CUDA shared memory registration failed when requesting recognition from deepstream to an external triton server. to occur

Please provide complete information as applicable to your setup.

• Hardware Platform (Jetson / GPU) : GPU
• DeepStream Version : 6.1
• JetPack Version (valid for Jetson only)
• TensorRT Version : 8.4.0.11
• NVIDIA GPU Driver Version (valid for GPU only) : 525.105.17
• Issue Type( questions, new requirements, bugs)
• How to reproduce the issue ? (This is for bugs. Including which sample app is using, the configuration files content, the command line used and other details for reproducing)

The execution environment is as follows

  1. triton server version is 23.10
  2. Deepstream sends an inference request to the triton server docker run separately.
  3. For deepstream’s config.pbtxt, set enable_cuda_buffer_sharing:true
  4. When deepstream makes one inference request to one GPU, it executes normally.
  5. When multiple deep stream inference requests are made in deep stream, an error like number 5 occurs, but over time, it stabilizes and multiple deep streams run normally.
  6. ERROR: infer_grpc_client.cpp:223 Failed to register CUDA shared memory.
    ERROR: infer_grpc_client.cpp:311 Failed to set inference input: failed to register CUDA shared memory region ‘inbuf_0x2be8300’: failed to open CUDA IPC handle: invalid argument
    ERROR: infer_grpc_backend.cpp:140 gRPC backend run failed to create request for model: yolov8_pose
    ERROR: infer_trtis_backend.cpp:350 failed to specify dims when running inference on model:yolov8_pose, nvinfer error:NVDSINFER_TRITON_ERROR
  7. I want to prevent 5 errors when making multiple inference requests.

• Requirement details( This is for new requirement. Including the module name-for which plugin or for which sample application, the function description)

  1. I want to prevent 5 errors when making multiple inference requests.
  2. I can see from the document that enable_cuda_buffer_sharing:true is valid on the triton server in the deepstream docker container, but I confirmed that it operates normally over time even when running it on an external triton server. Please tell me how to prevent the above error from occurring.

This “enable_cuda_buffer_sharing” feature should be enabled only when the Triton server is on the same machine. are the client and tritonserver on the same machine? if yes, could you use deepstream-test1, which support nvinferserver, to reproduce this issue? Thanks!

Are you saying that you need to have a triton server inside the deepstream docker container when using deepstream docker?
If correct, as I wrote in the text, the triton server was run as a separate docker container.
As a result, a total of two docker containers, deepstream and triton server, are being used.
I know that the enable_cuda_buffer_sharing function works without problems when there is a triton server in the same deepstream.
However, as in my case, there was no triton server in the deepstream docker container, and when I ran the external triton server docker container, it took time to stabilize, but it worked in the end.
I’m getting ERROR: infer_grpc_client.cpp:223 Failed to register CUDA shared memory. I would like to resolve the error.

  1. Thanks for the sharing! seems the DeepSteram client and triton server are in the same machine but in the different docker container.
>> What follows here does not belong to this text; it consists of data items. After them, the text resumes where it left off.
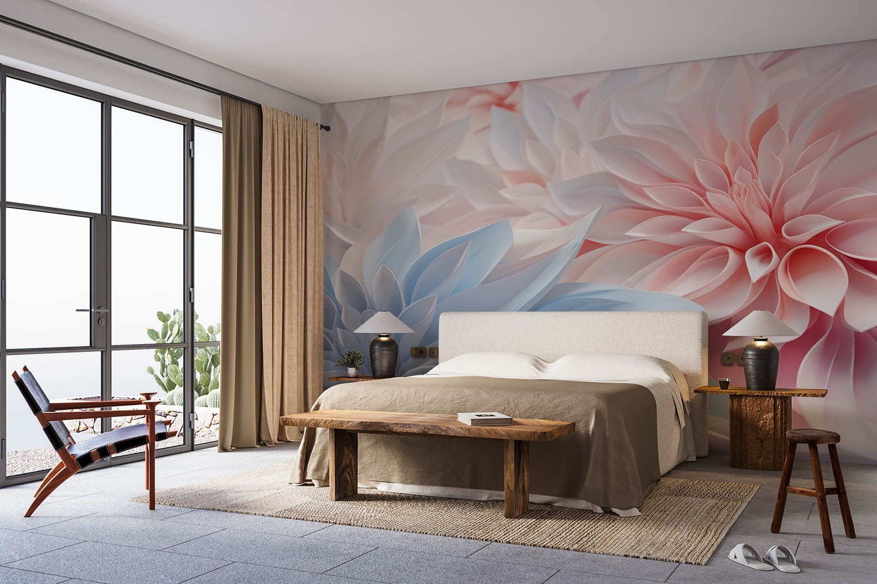 Proměňte svůj prostor pomocí této nádherné nástěnné malby s úžasným uspořádáním pastelových papírových květin. Představte si závan čerstvého vzduchu, který přináší – každý květ v jemné růžové a modré barvě působí jako jemné objetí jara. Perfektně se hodí do útulného zákoutí nebo živého obývacího pokoje, je to jako pozvat zahradu dovnitř bez starostí se zaléváním.
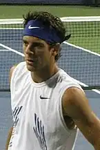 Jo-Wilfried Tsonga, ranked 38 on January 1, defeated Murray, Gasquet and Nadal en route to his first final in the ATP Tour at the Australian Open (lost to Djokovic).[34] Sidelined during three months of the season due to a right knee injury, Tsonga missed both the French Open and Wimbledon,[35] coming back to competition at the US Open where he was defeated in the third round (lost to Robredo).[36] Tsonga won his first career title in a rematch of the Australian Open final in the International Series event of Bangkok (def. Djokovic), and earned his Tennis Masters Cup qualification with his second career title (his first Masters Series shield) at the Paris Masters (def. Nalbandian).
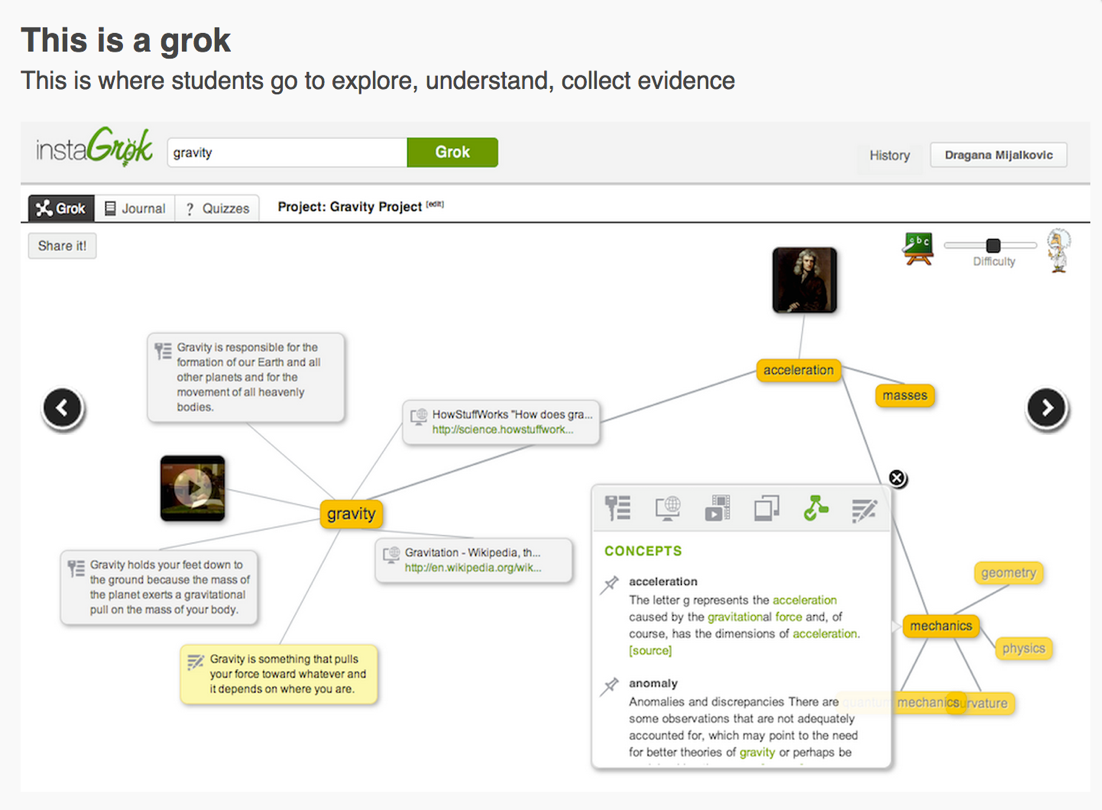 InstaGrok is an interactive search engine that allows students to search for any topic in a visually engaging way. When students conduct a search query, InstaGrok finds the relevant information related to that query and present it in the form of interactive concept maps (grok). Using InstaGrok, students will be able to explore educational content including videos and images, evaluate sources, collect evidence and use it to craft a search report.
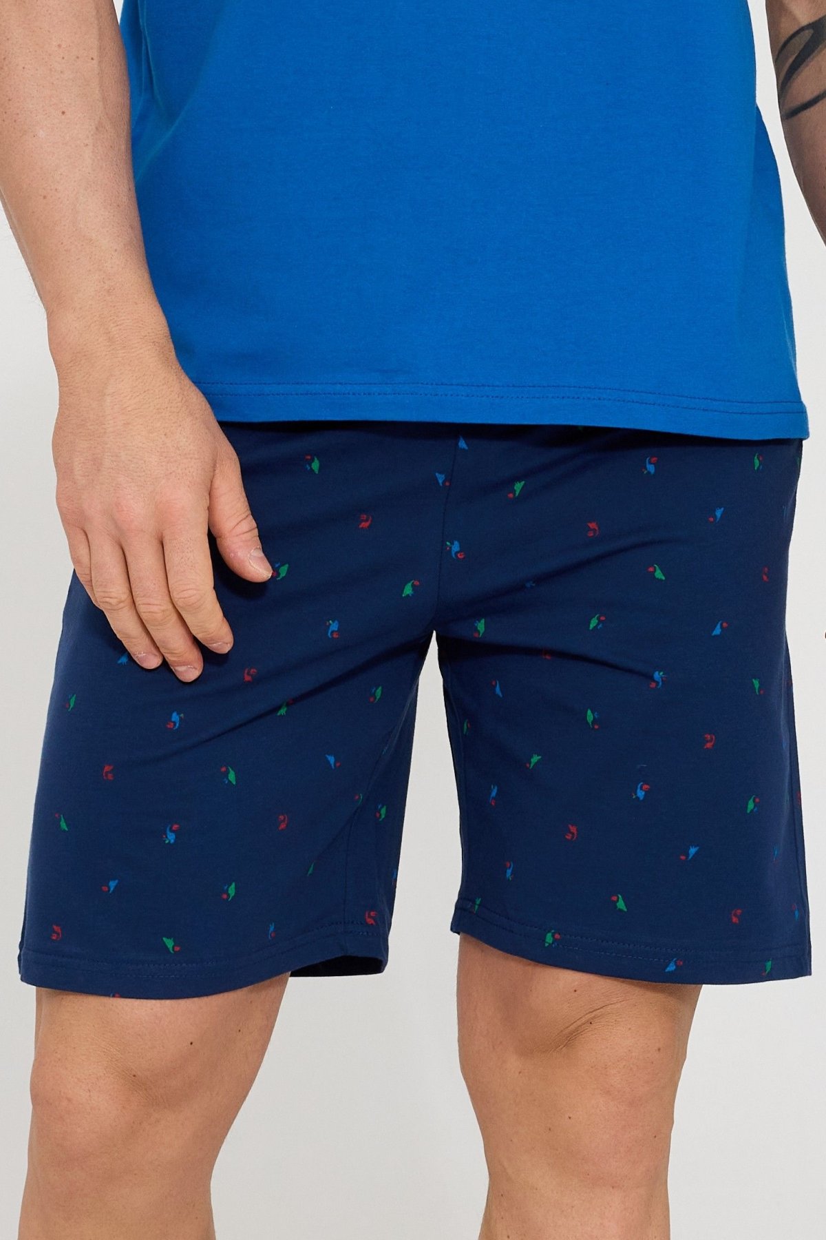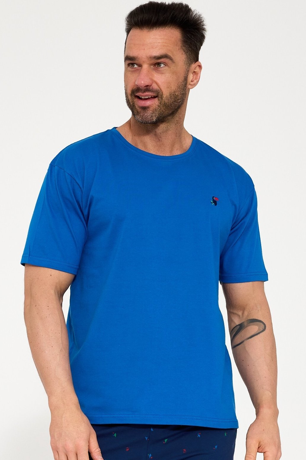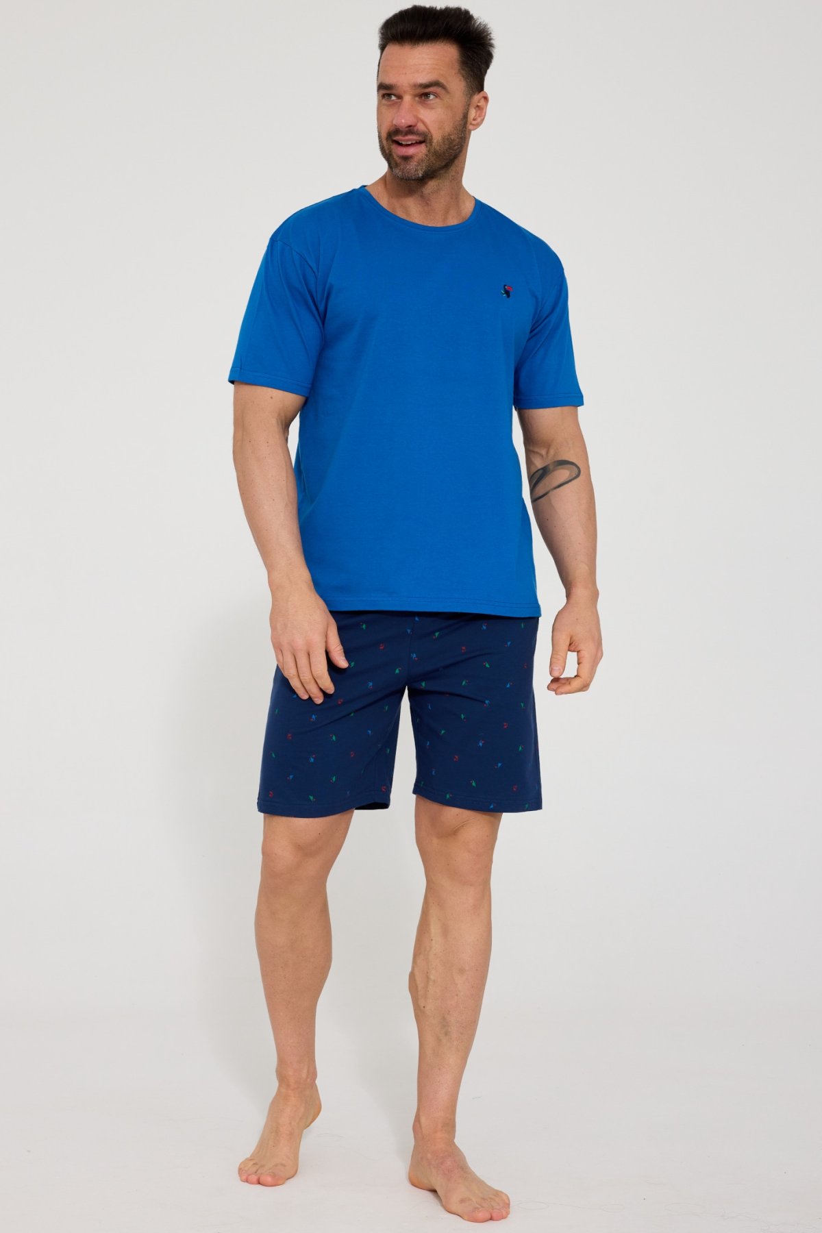 Pánské pyžamo Toucan zaujme svým svěžím letním designem a výjimečným pohodlím. Hladké modré tričko zdobí drobná výšivka exotického tukana, která dodává celku originální charakter. K tomu perfektně ladí krátké šortky s barevným tropickým potiskem, ideální pro teplé noci. Měkká bavlna je prodyšná a příjemná během nošení. Pyžamo má volný střih poskytující maximální komfort během spánku i odpočinku. Skvělá volba pro muže, kteří si potrpí na kvalitu, lehkost a nenápadný styl.
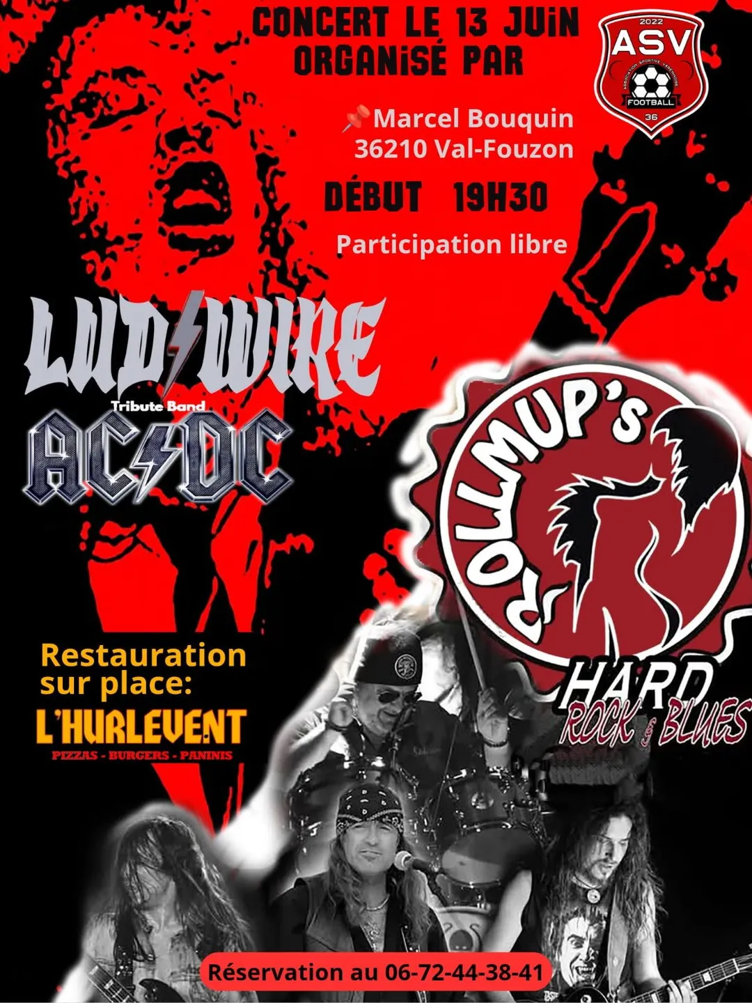 Concert au stade Marcel Bouquin de Varennes/Fouzon. Concert de Rollmup's, hard rock & blues et LudWire et ACDC Tribute Band. Restauration sur place : l'Hurlevent (pizzas, burgers, paninis). Participation libre. Réservations au 06 72 44 38 41
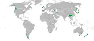 - Nieuw-Zeeland: Noordereiland en de westkust van Zuidereiland (klimaatzone Cfb), bijvoorbeeld Fiordland en de Westland temperate rainforests op het Zuidereiland
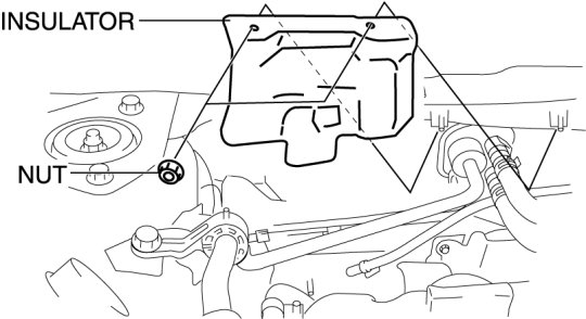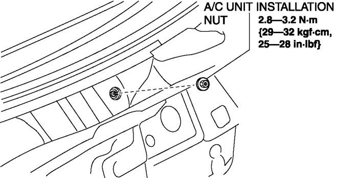 11. Remove the A/C unit installation nut from the engine compartment, then remove the A/C unit.
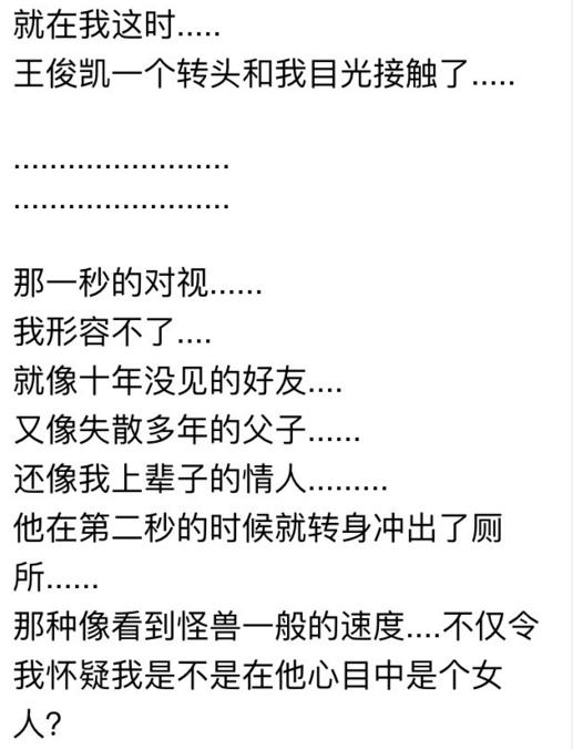 于是,在电闪火花的一瞬间,王俊凯一个转头和薛之谦目光接触了.....但,童话里故事里都是骗人的,王俊凯并没有爱上薛之谦,而是以风一般的速度跑出了厕所......

I will try this “Failed to register CUDA shared” error.
  2. what do you mean about “makes one inference request to one GPU” and “When multiple deep stream inference requests are made in deep stream”? how to reproduce these steps?

please start the docker with “–ipc host”, please refer to this topic. On one machine, I started two deepstream:6.4-triton-multiarch as the client and server respectively. deepstream-app run well with enable_cuda_buffer_sharing=true.
if still encounter " Failed to register CUDA shared memory", please use deepstream-app to reproduce this issue and share the detailed reproducing steps.

I found a solution.
The way I proceeded was to run multiple deepstreams through multiprocess.
However, this method seems to have a problem because multiple processes with the same parent pid try to use shared memory at the same time.
After changing the part to subprocess and executing it, it operates as a separate process and the cuda shared memory error seems to have been resolved.
Thank you for your interest in the content.

1 Like

This topic was automatically closed 14 days after the last reply. New replies are no longer allowed.